No one really knows how old it is. On a piece of parchment, dated Jan. 25, 1552, the Archbishop of St. Andrews gave the public the right to play golf on the linksland, as well as the right to breed rabbits on it.
The game had been played here for more than 200 years when the St. Andrews Society of Golfers, later the Royal and Ancient Golf Club, was formed in 1754.
The course, covering 93 1/2 acres of land between the town and the Bay of St. Andrews, has changed little since. There are no trees, and little definition where the fairways end and the gorse and heather begin.
There are nine holes out, with the sea on the right, and nine holes back. Fourteen of them share seven double greens. The tee shot on the par-3 11th crosses over the fairway of the par-4 seventh.
"Without the wind, it's a pretty easy course," said Arnold Palmer, who played his first British Open here 30 years ago and is making a farewell appearance this year.
But it is a rare day when the wind doesn't blow. And it is so fickle that it isn't unusual for a player to have the wind in his face all the way out, then find it change and be in his face all the way in.
Generally speaking, the 6,933-yard course is flat, but there are humps and swales - and bunkers, 140 of them, formed by sheep burrowing into dunes to escape the wintry gales off the sea, and by people digging for shells.
Many are deep pits, the pot bunkers that Darwin said were only large enough to accommodate "an angry man and his niblick."
Many of them are invisible from the tee. You have to know where they are. It was this lack of knowledge that caused a young Bobby Jones to tear up his card in disgust during the 1921 Open. He had taken 46 to the turn and played the 10th in six.
He later won the British Amateur and Open at the Old Course and said: "The more I studied the Old Course, the more I loved it and the more I loved it, the more I studied it. There is always a way at St. Andrews, although it is not always the obvious way."

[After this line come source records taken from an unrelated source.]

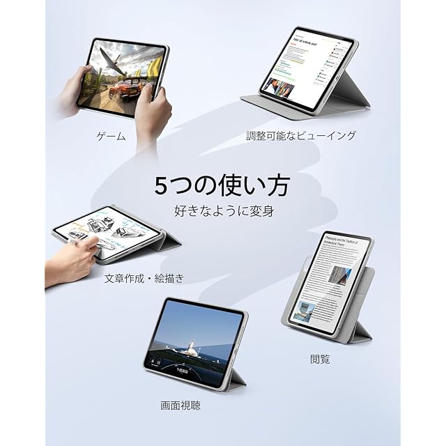 【複数使用モード】:縦向きと横向きの調整が可能な6つのユニークな使用モードがあり、iPadを好きなように変身させることができます
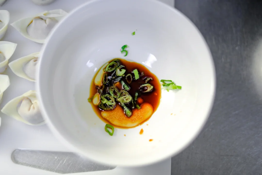 🌟5.将葱花,生抽,食盐,芝麻油放入碗中,用鸡汤或者馄炖汤冲开,把煮好的馄炖放进去。
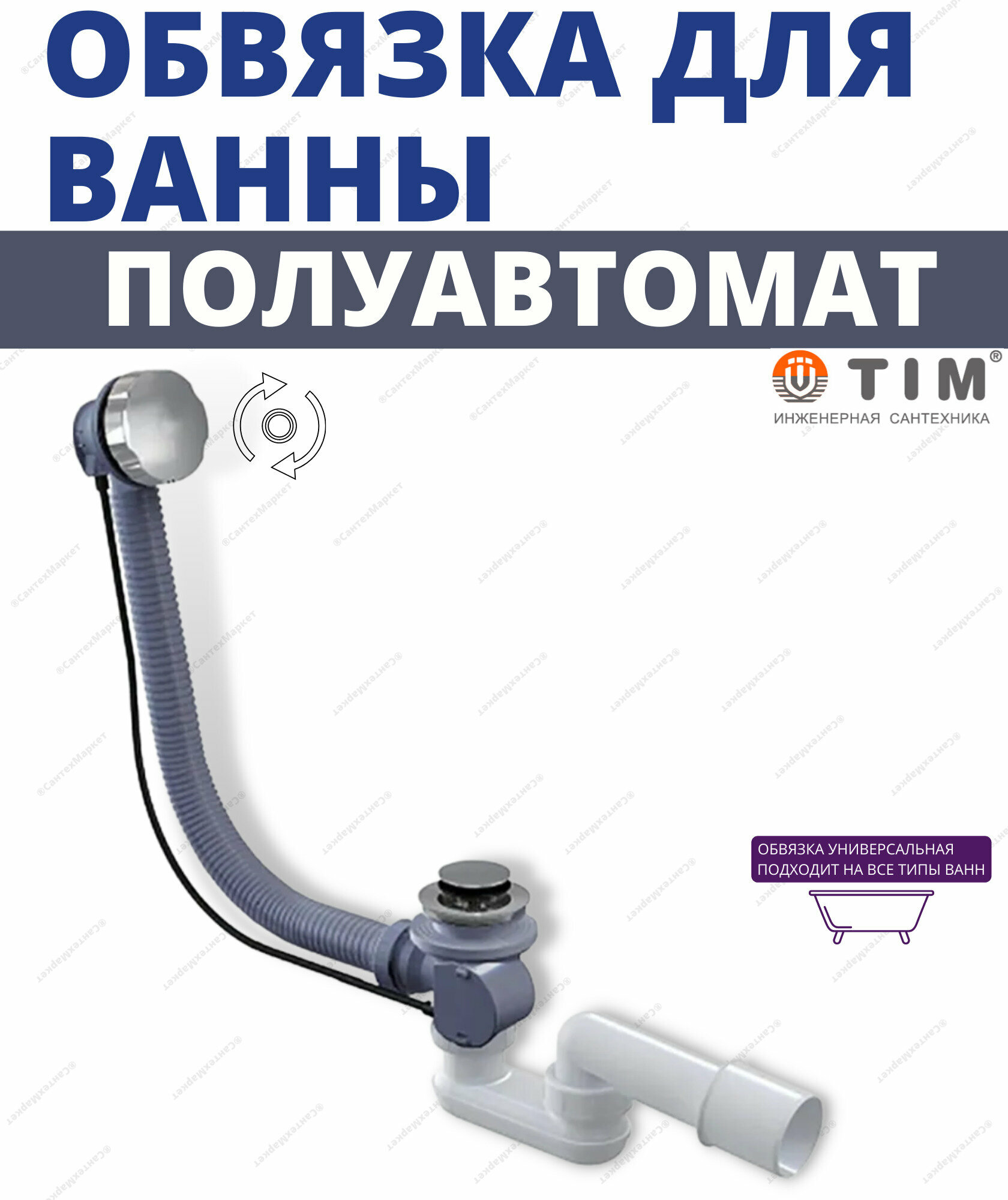 Обвязка для ванны TIM, слив-перелив на ванну полуавтомат BAS0170P
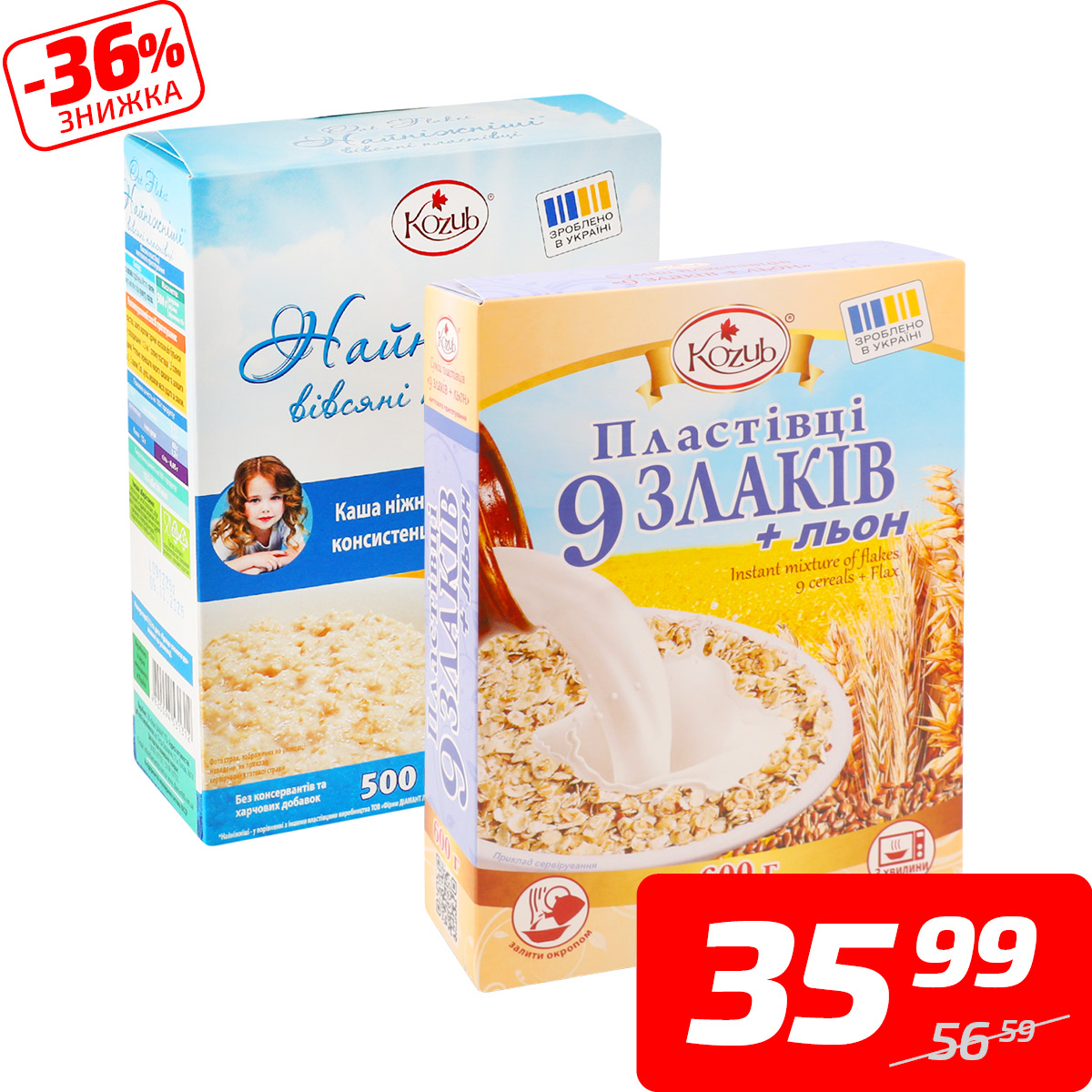 Пластівці вівсяні «Найніжніші» або «9 злаків+льон», ТМ «Козуб продукт», 500 г
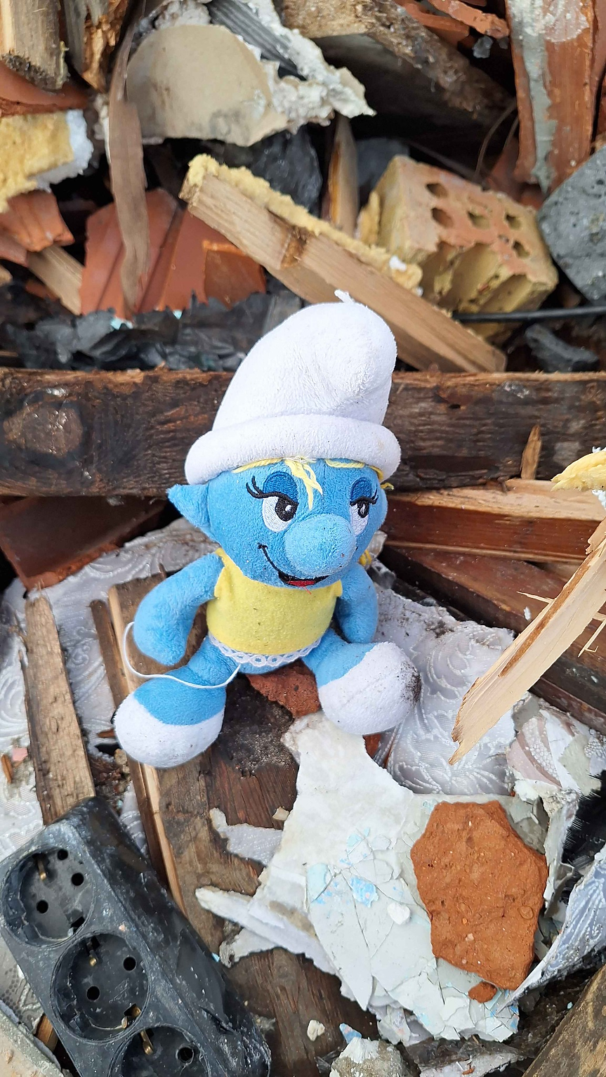 Вървим по развалините и виждам остатъците от погребани вещи, свидетелства за погребани животи. Ако човек се вгледа сред тухлите и мазилката се открива счупена прахосмукачка, паста за зъби, част от видеокамера, детски играчки и какво ли още не. Повечето детски играчки са изцапани от праха от сградите, но забелязвам един съвсем чист плюшен смърф, който стои сред парчета тухли. Чудя се дали онази сутрин е бил в нечие детски легло и е бил изоставен още топъл от детската прегръдка, когато хората е трябвало бързо да напуснат жилищата си.
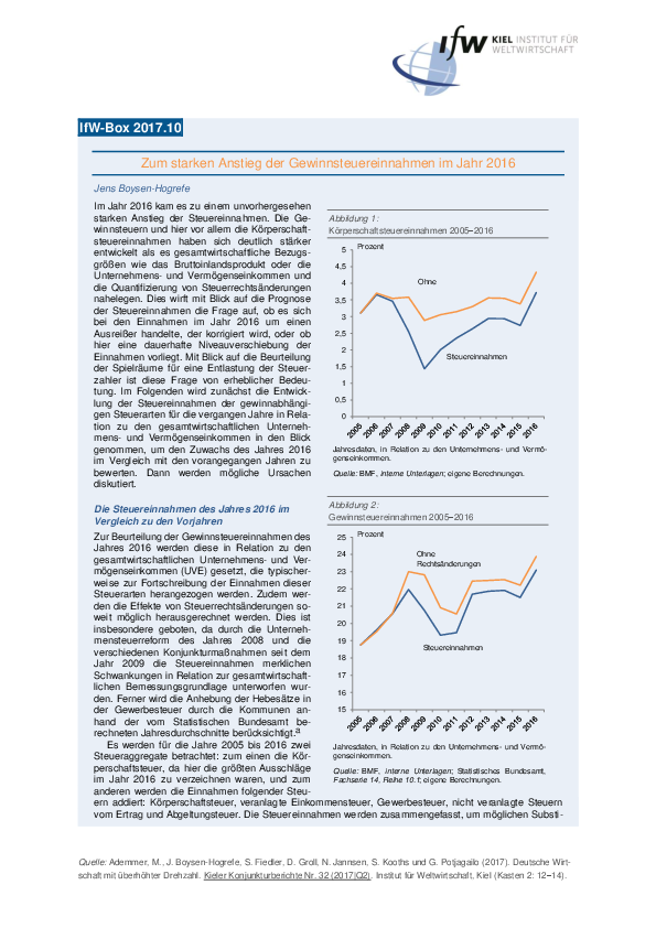 Im Jahr 2016 kam es zu einem unvorhergesehen starken Anstieg der Steuereinnahmen. Die Gewinnsteuern und hier vor allem die Körperschaftsteuereinnahmen haben sich deutlich stärker entwickelt als es gesamtwirtschaftliche Bezugsgrößen wie das Bruttoinlandsprodukt oder die Unternehmens- und Vermögenseinkommen und die Quantifizierung von Steuerrechtsänderungen nahelegen. Dies wirft mit Blick auf die Prognose der Steuereinnahmen die Frage auf, ob es sich bei den Einnahmen im Jahr 2016 um einen Ausreißer handelte, der korrigiert wird, oder ob hier eine dauerhafte Niveauverschiebung der Einnahmen vorliegt. Mit Blick auf die Beurteilung der Spielräume für eine Entlastung der Steuerzahler ist diese Frage von erheblicher Bedeutung. Im Folgenden wird zunächst die Entwick-lung der Steuereinnahmen der gewinnabhängigen Steuerarten für die vergangen Jahre in Rela-tion zu den gesamtwirtschaftlichen Unternehmens- und Vermögenseinkommen in den Blick genommen, um den Zuwachs des Jahres 2016 im Vergleich mit den vorangegangen Jahren zu bewerten. Dann werden mögliche Ursachen diskutiert.
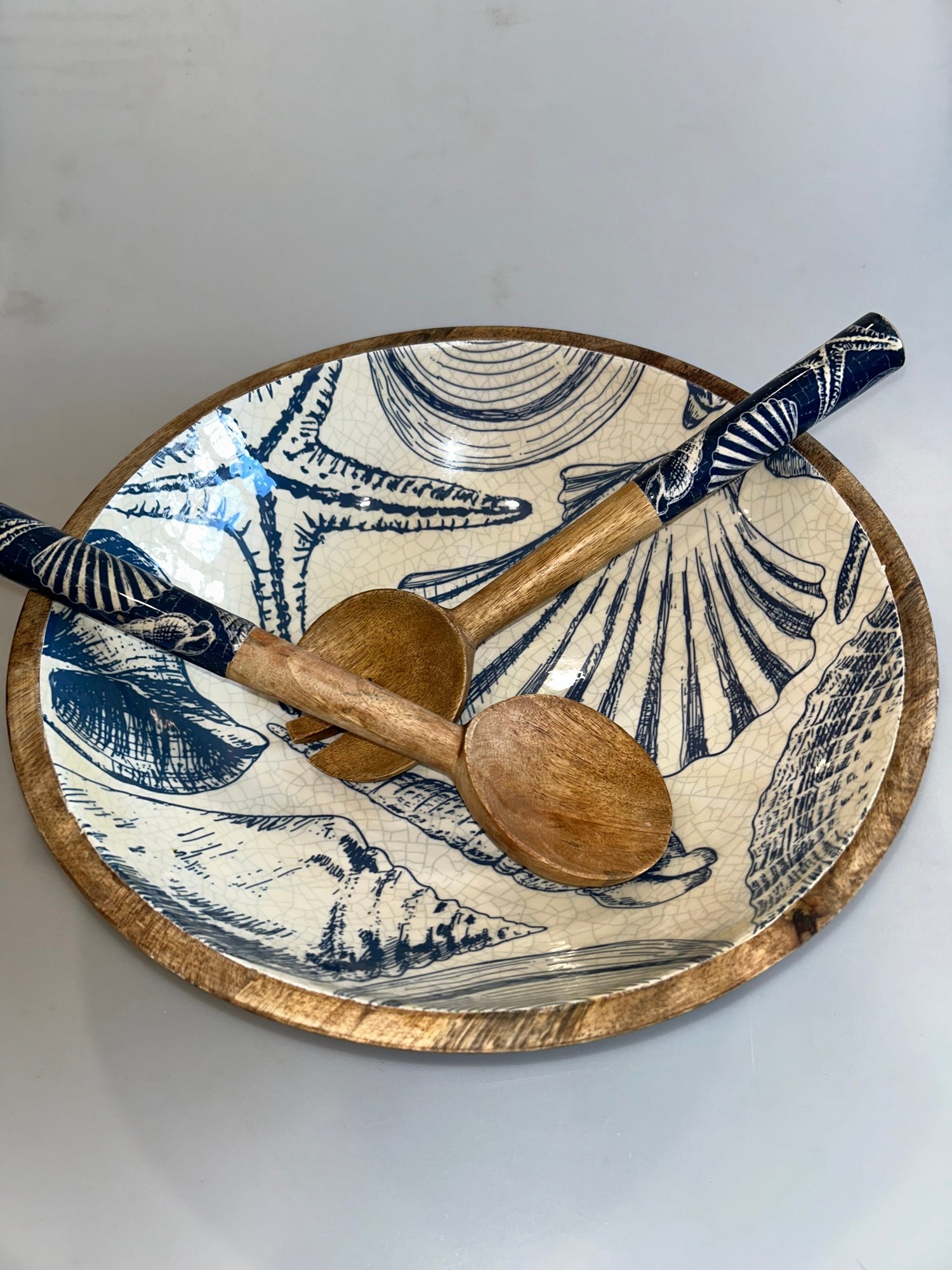 Wood & Enamel Coastal Seashell Serving Bowl & Utensils
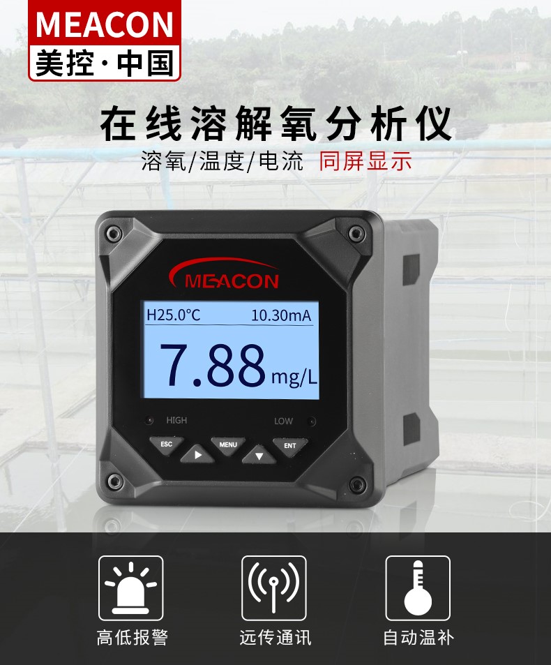 (Dissolved Oxygen)是指溶解于水中分子状态的氧,即水中的O2,用DO表示。溶解氧是水生生物生存不可缺少的条件。溶解氧的一个来源是水中溶解氧未饱和时,大气中的氧气向水体渗入;另一个来源是水中植物通过光合作用释放出的氧。溶解氧随着温度、气压、盐分的变化而变化,一般说来,温度越高,溶解的盐分越大,水中的溶解氧越低;气压越高,水中的溶解氧越高。溶解氧除了被通常水中硫化物、亚硝酸根、亚铁离子等还原性物质所消耗外,也被水中微生物的呼吸作用以及水中有机物质被好氧微生物的氧化分解所消耗。所以说溶解氧是水体的资本,是水体自净能力的表示。天然水中溶解氧近于饱和值(9ppm),藻类繁殖旺盛时,溶解氧含量下降。水体受有机物及还原性物质污染可使溶解氧降低,对于水产养殖业来说,水体溶解氧对水中生物如鱼类的生存有着至关重要的影响,当溶解氧低于4mg/L时,就会引起鱼类窒息死亡,对于人类来说,健康的饮用水中溶解氧含量不得小于6mg/L。当溶解氧(DO)消耗速率大于氧气向水体中溶入的速率时,溶解氧的含量可趋近于0,此时厌氧菌得以繁殖,使水体恶化,所以溶解氧大小能够反映出水体受到的污染,特别是有机物污染的程度,它是水体污染程度的重要指标,也是衡量水质的综合指标。因此,水体溶解氧含量的测量,对于环境监测以及水产养殖业的发展都具有重要意义。
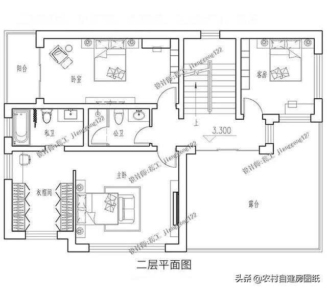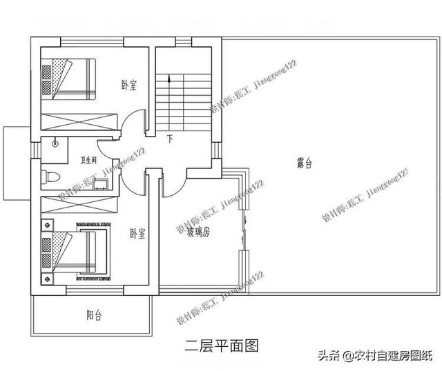 二层:设计有2间卧室,超大的屋顶露台和阳光房,可以在屋顶做个泳池,不管是夏天还是冬天都非常享受。
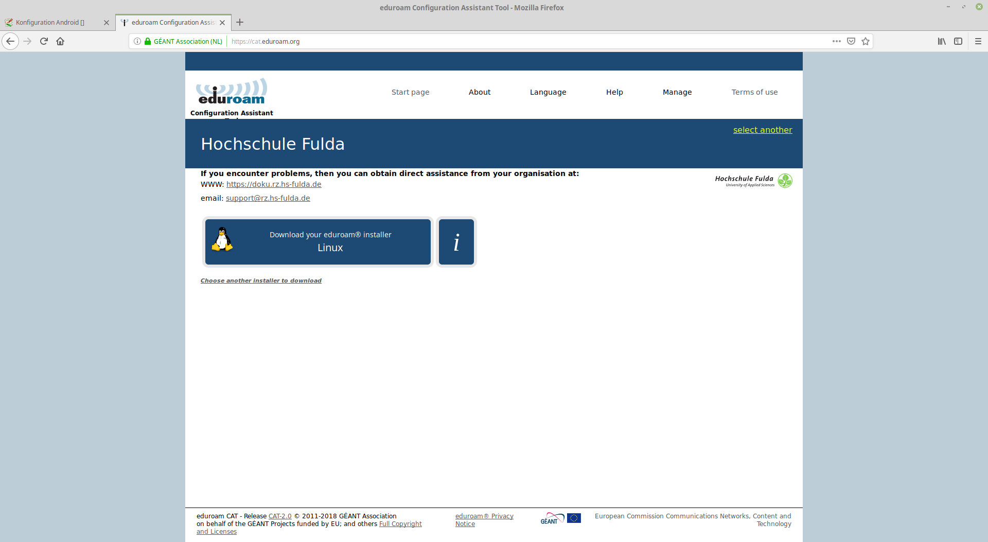 Besuchen Sie die Webseite https://cat.eduroam.org und laden Sie das Installationsprogramm für die Hochschule Fulda herunter. Dazu klicken Sie bitte auf den großen Download-Button und wählen dann die Hochschule Fulda aus.
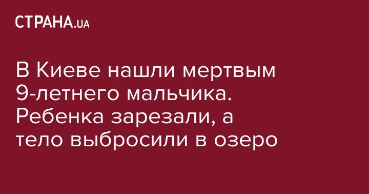В Киеве нашли мертвым 9-летнего мальчика. Ребенка зарезали, а тело выбросили в озеро

The layout puts most of the trouble on the right - the sea going out, out-of-bounds coming home. But, in almost every case, the better approach to the green is from the right, a tee shot between the sheep-formed bunkers and the sea.
Many of those bunkers have names: Walkinshaw's Grave, Hell Bunker, the Coffins, the Beardies, the Lion's Mouth."
"It is the essence of golf," said Tom Watson, who won five British Opens, but none at St. Andrews. "This is the way golf is meant to be played."